Q1. Describe the annual cycles of the temperature and moisture-related variables. When during the year is it colder and when is it warmer, and when is it wetter and when is it drier?

3. Transforming (reshaping) an alternatively shaped table of data

An alternative layout for the data table (of just the precipitation-related variables) has the data arranged with variables in rows and months in columns. Read those data in:

# alternative layout of precipitation data
csv_file <- "/Users/bartlein/Documents/geog495/data/csv/EugeneClim-short-alt-pvars.csv"
eugclim_alt <- read_csv(csv_file)
eugclim_alt

Q2 Describe the different form of the two tables (eugclim and eugclim_alt). Can you think of a way to produce a time-series plot of precipitation using the data in eugclim_alt? (If so, show the code for doing that, and if not, why not?)

Now use the gather() and spread() functions from the tidyr package to reshape the data.
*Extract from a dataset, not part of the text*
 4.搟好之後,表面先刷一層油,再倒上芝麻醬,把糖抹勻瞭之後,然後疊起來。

This is done here in two steps:

# reshape by gathering and spreading
# 1) gather
eugclim_alt2 <- gather(eugclim_alt, `1`:`12`, key="month", value="cases")
eugclim_alt2$month <- as.integer(eugclim_alt2$month)
eugclim_alt2
# 2) spread
eugclim_alt3 <- spread(eugclim_alt2, key="param", value=cases)
eugclim_alt3

Plot the reshaped data (eugclim_alt3) to verify that they indeed have been reshaped correctly.

# plot the reshaped data
eugclim_alt3$yrmn <- eugclim_alt3$year + (as.integer(eugclim_alt3$month)-1)/12
plot(eugclim_alt3$prcp ~ eugclim_alt3$yrmn, type="o", pch=16, col="blue", xaxp=c(2013, 2016, 3))
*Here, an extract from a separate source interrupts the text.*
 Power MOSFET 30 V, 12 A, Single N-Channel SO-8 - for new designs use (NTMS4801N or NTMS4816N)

Q3: Compare eugclim_alt2 and eugclim_alt3. What did the application of gather() do in creating eugclim_alt2, and what did the application of spread() do in creating eugclim_alt3?

Q4: What is the benefit of reshaping the data in R as opposed to simply doing that in Excel or a text editor?

4. A little matrix algebra

Create three matrices, A, B, and C:

# create three matrices
# default fill method: byrow = FALSE
A <- matrix(c(6, 9, 12, 13, 21, 5), nrow=3, ncol=2)
A
# same elements, but byrow = TRUE
B <-  matrix(c(6, 9, 12, 13, 21, 5), nrow=3, ncol=2, byrow=TRUE)
B
# a third matrix
C <- matrix(c(1,2,3,4,5,6,7,8,9), nrow=3, ncol=3)
C

Q5 Describe the shapes of the three matrices. (Note that the dim() function applied to a matrix (e.g. dim(A)) displays the number of rows and the number of columns in the matrix.)

Matrix addition

Add A and B:

# matrix addition
F <- A + B
F

Now try adding A and C:

G <- A + C

Q6: What happend? Can A and C be added? Why not? (Again, the dim() function might be useful.)

Matrix multiplication

Matrix multiplication (as distinct from element-by-element multiplication) produces a new matrix whose elements are sums of squares and cross products of the elements of matrices being multiplied (see matrix.pdf). Matrix multiplication uses %*% as the operator.

“Postmultiply” the matrix C by A:

# matrix multiplication
Q <- C %*% A
Q

… and try to postmultiply A by B (e.g. T <- A %*% B)

Q7: What happens here? What are the dimensions of C? What does the message non-conformable arguments imply about the shapes of A and B?

Matrix inversion

To illustrate matrix inversion (i.e. the matrix algebra version of scalar division), a realistic matrix can be used, in this case the correlation matrix of the temperature variables in the orstationc data set:

# a realistic matrix, orstationc temperature-variable correlation matrix
R <- cor(cbind(orstationc$tjan, orstationc$tjul, orstationc$tann))
R

Get the inverse of R:

# matrix inversion
Rinv <- solve(R)
Rinv

One property of the inverse matrix is that when pre- or postmultiplied by the original matrix, the identity matrix, I should be produced.

Q8: Check to see if Rinv is indeed the inverse of R. (Show the results of the check.)